- [AIM OF THE TASK]: Starting at the line below with "Во время проверки" and stopping at the line with "したがって ∠x=75°…(答) |", please print each line exactly, those two included, and skip every picture.

-------- DATA FOR ANALYSIS

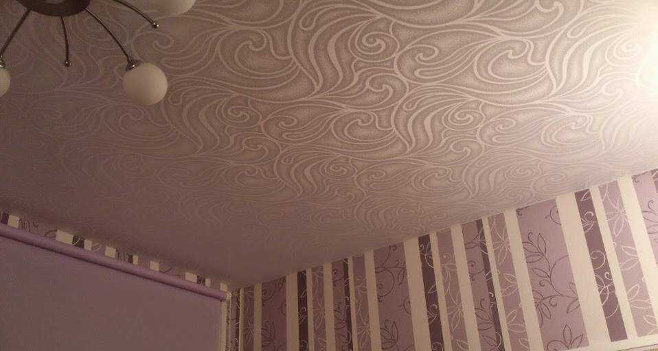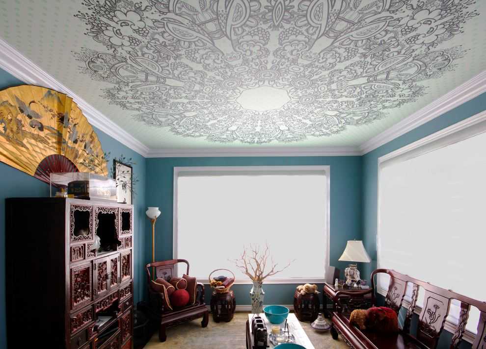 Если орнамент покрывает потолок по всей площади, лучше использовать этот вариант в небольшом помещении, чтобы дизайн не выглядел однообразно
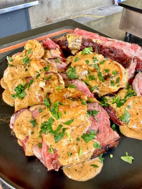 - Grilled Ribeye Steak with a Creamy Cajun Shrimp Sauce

----------------
-------- DATA FOR ANALYSIS

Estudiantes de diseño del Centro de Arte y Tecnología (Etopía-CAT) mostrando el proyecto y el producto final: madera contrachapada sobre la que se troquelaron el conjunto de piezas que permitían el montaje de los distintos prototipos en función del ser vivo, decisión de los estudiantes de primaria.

----------------
-------- DATA FOR ANALYSIS

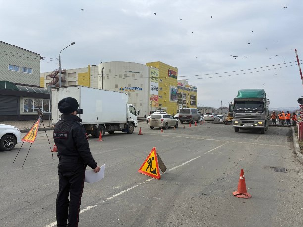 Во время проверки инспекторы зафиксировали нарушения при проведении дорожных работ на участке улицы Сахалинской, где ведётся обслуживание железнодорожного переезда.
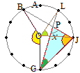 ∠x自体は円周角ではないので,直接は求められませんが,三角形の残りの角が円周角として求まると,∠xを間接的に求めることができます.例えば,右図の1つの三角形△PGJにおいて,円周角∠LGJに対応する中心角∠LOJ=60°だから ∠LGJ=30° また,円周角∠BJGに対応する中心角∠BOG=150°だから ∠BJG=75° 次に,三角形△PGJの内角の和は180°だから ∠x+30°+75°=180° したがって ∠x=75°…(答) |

----------------

- [SOLUTION FOR THIS EXERCISE]:
 Во время проверки инспекторы зафиксировали нарушения при проведении дорожных работ на участке улицы Сахалинской, где ведётся обслуживание железнодорожного переезда.
 ∠x自体は円周角ではないので,直接は求められませんが,三角形の残りの角が円周角として求まると,∠xを間接的に求めることができます.例えば,右図の1つの三角形△PGJにおいて,円周角∠LGJに対応する中心角∠LOJ=60°だから ∠LGJ=30° また,円周角∠BJGに対応する中心角∠BOG=150°だから ∠BJG=75° 次に,三角形△PGJの内角の和は180°だから ∠x+30°+75°=180° したがって ∠x=75°…(答) |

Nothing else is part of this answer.